## GIVEN INFORMATION
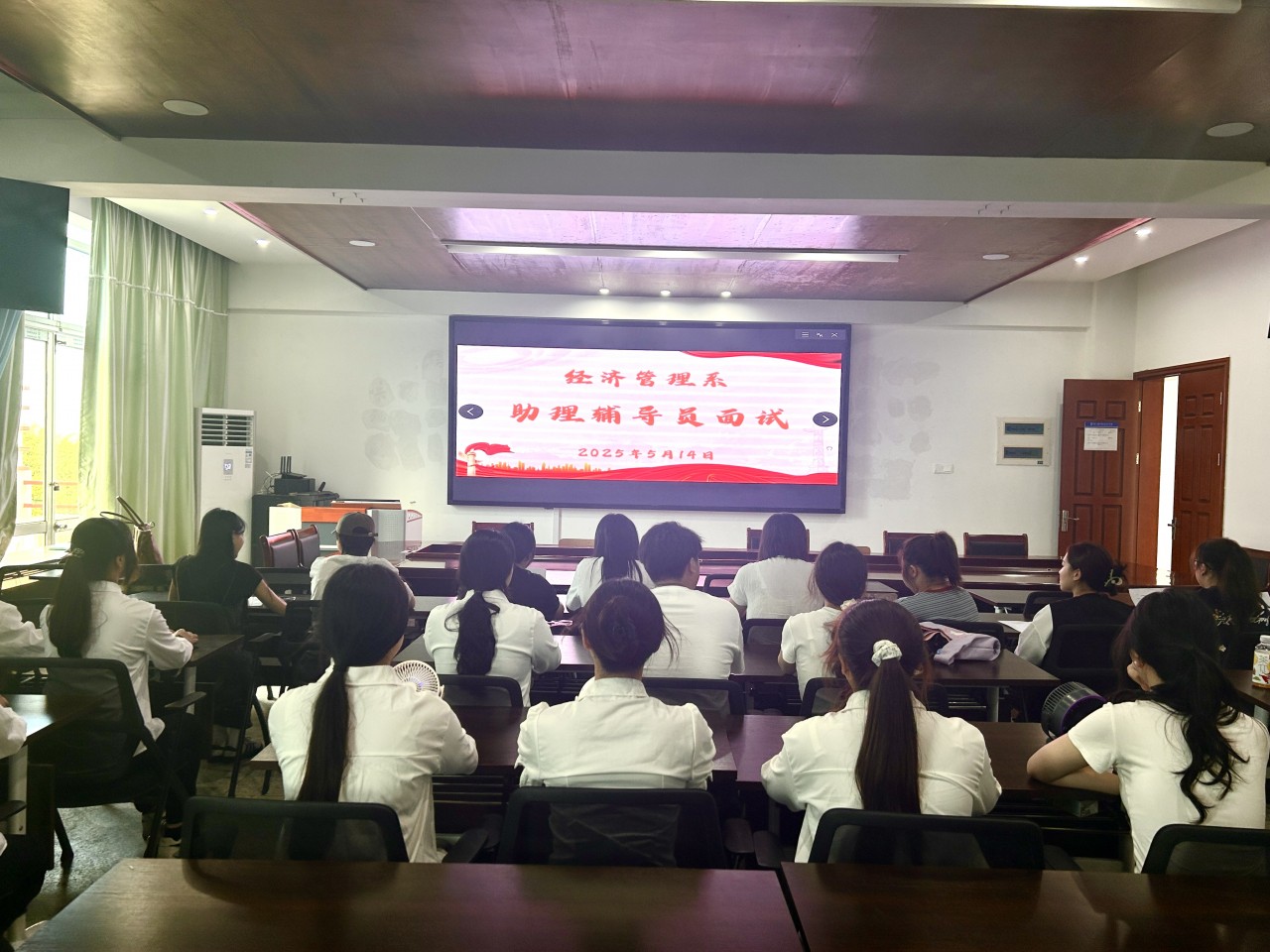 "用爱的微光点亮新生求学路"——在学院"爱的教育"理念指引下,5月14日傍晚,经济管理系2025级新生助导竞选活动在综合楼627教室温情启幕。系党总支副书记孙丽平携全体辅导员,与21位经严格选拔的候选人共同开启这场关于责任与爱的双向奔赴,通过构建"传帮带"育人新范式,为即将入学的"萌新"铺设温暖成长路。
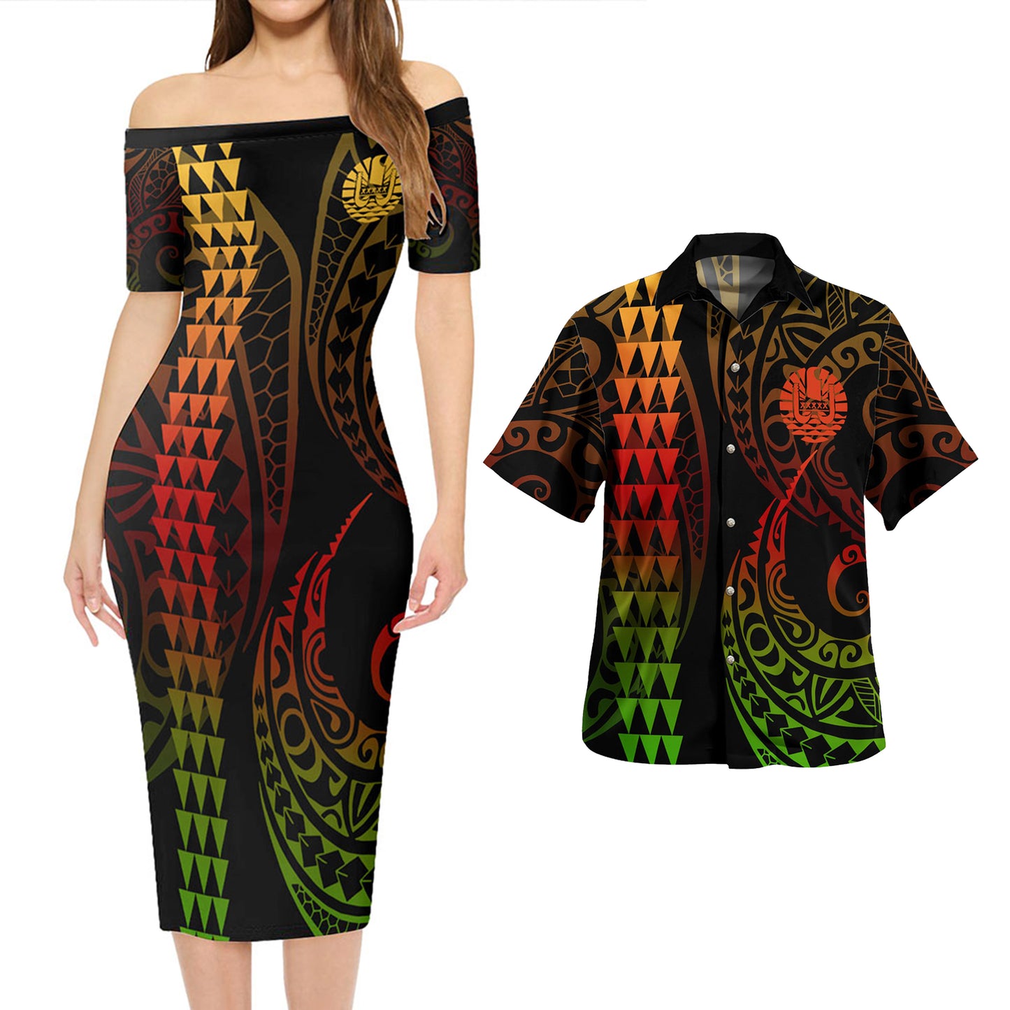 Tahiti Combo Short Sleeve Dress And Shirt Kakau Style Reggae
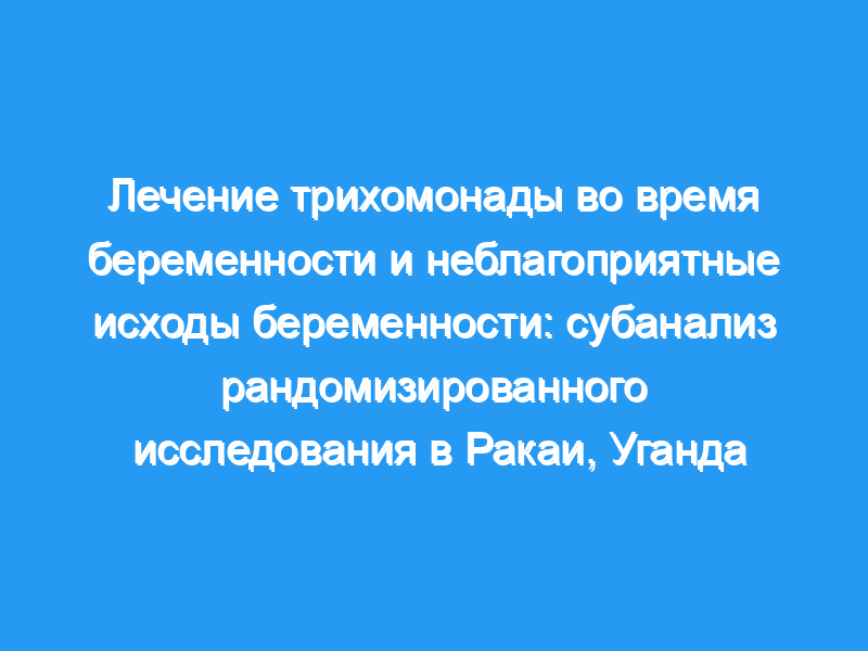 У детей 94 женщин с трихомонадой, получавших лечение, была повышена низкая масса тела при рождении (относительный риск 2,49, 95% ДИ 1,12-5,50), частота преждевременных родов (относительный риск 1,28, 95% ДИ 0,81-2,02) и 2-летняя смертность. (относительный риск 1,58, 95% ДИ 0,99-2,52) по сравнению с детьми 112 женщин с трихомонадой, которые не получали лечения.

## ACTIVITY
Set down the material once more, exactly, with the pictures omitted.

## ANSWER SECTION
 "用爱的微光点亮新生求学路"——在学院"爱的教育"理念指引下,5月14日傍晚,经济管理系2025级新生助导竞选活动在综合楼627教室温情启幕。系党总支副书记孙丽平携全体辅导员,与21位经严格选拔的候选人共同开启这场关于责任与爱的双向奔赴,通过构建"传帮带"育人新范式,为即将入学的"萌新"铺设温暖成长路。
 Tahiti Combo Short Sleeve Dress And Shirt Kakau Style Reggae
 У детей 94 женщин с трихомонадой, получавших лечение, была повышена низкая масса тела при рождении (относительный риск 2,49, 95% ДИ 1,12-5,50), частота преждевременных родов (относительный риск 1,28, 95% ДИ 0,81-2,02) и 2-летняя смертность. (относительный риск 1,58, 95% ДИ 0,99-2,52) по сравнению с детьми 112 женщин с трихомонадой, которые не получали лечения.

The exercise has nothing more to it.